What else has changed is the error when the ASC fails. Previously it would give me an error saying the client name couldn't be determined (which I assume was due to missing content as a result of the vmtools not running) now it fails with an error 47  - host is unreachabe.

So I'm still getting an error but feel a little happier that I've something more stable to troubleshoot now. So I'm gping to re-install the the client software and the Veritas VSS provider and see what that brings.

I have a couple of questions though that may help me ensure I have a properly configured system:

Within the policy, on the VMware tab what should the primary identifier be set to?

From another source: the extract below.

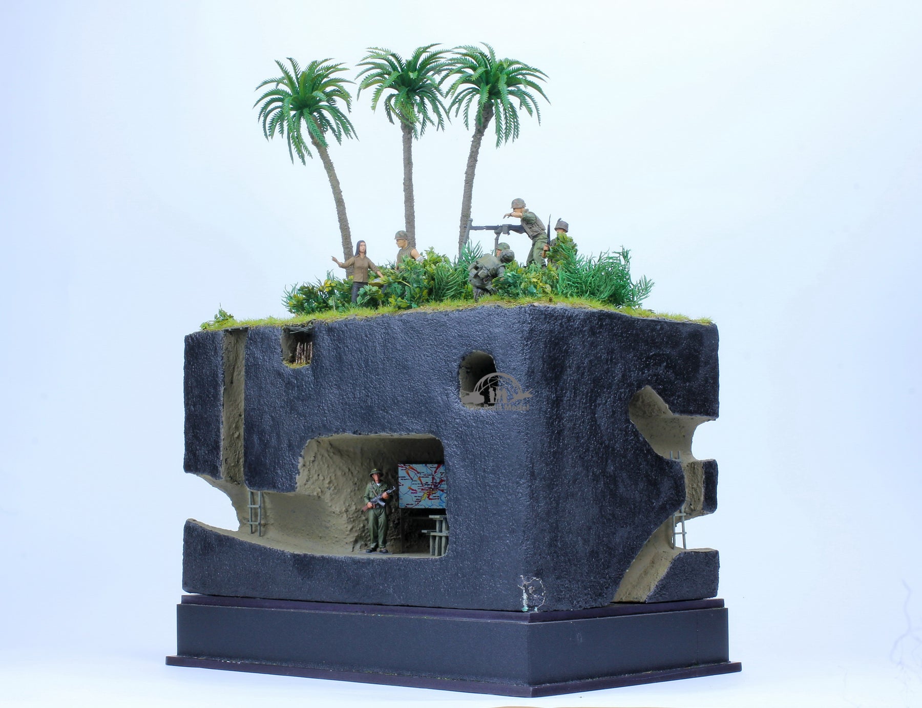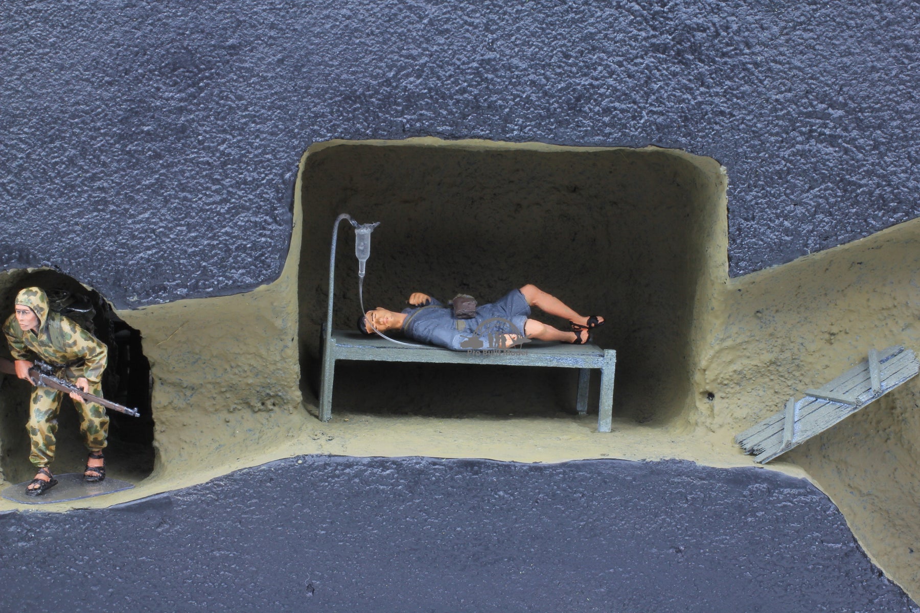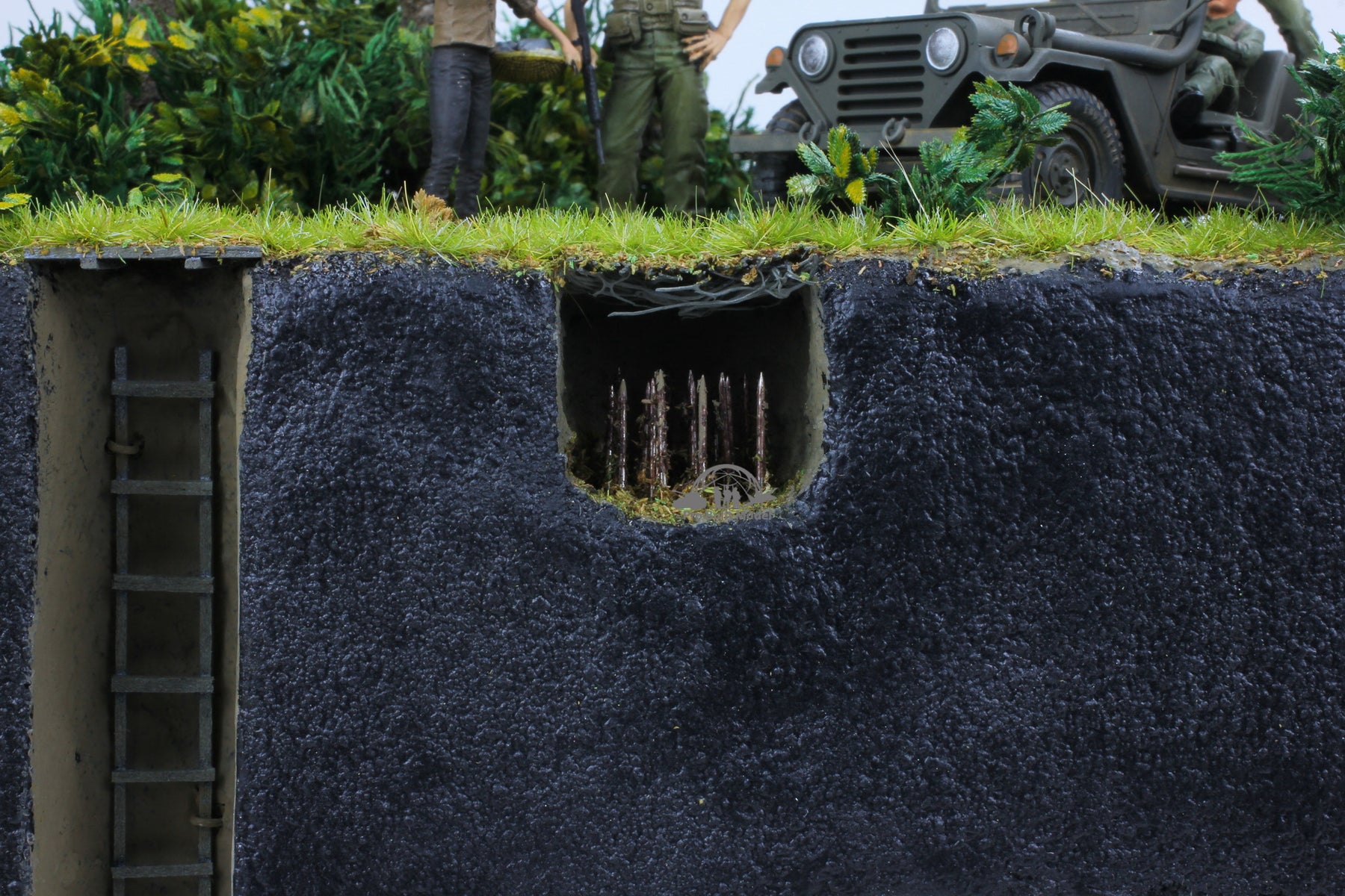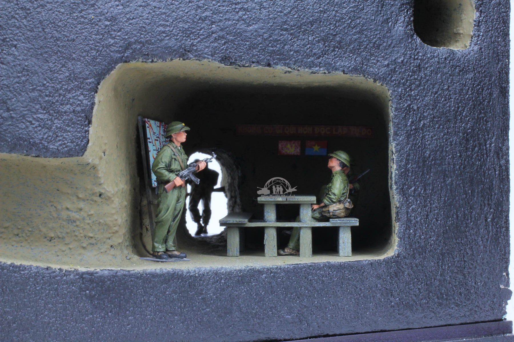 This diorama recreates a U.S. Army patrol discovering and clearing a hidden tunnel system in Cu Chi, complete with:

I've tried both displayname and vm hostname and both allow me to correctly query the vcentre server but I wasn't sure which is the best setting?

Within the query itself (and bearing in mind I'm only working with a single host) I set the query to either vm hostname contains "mysqlclient" and this seems to be ok. But I can also use the displayname contains "mysqlclient"  and this too returns the correct result - again which is best?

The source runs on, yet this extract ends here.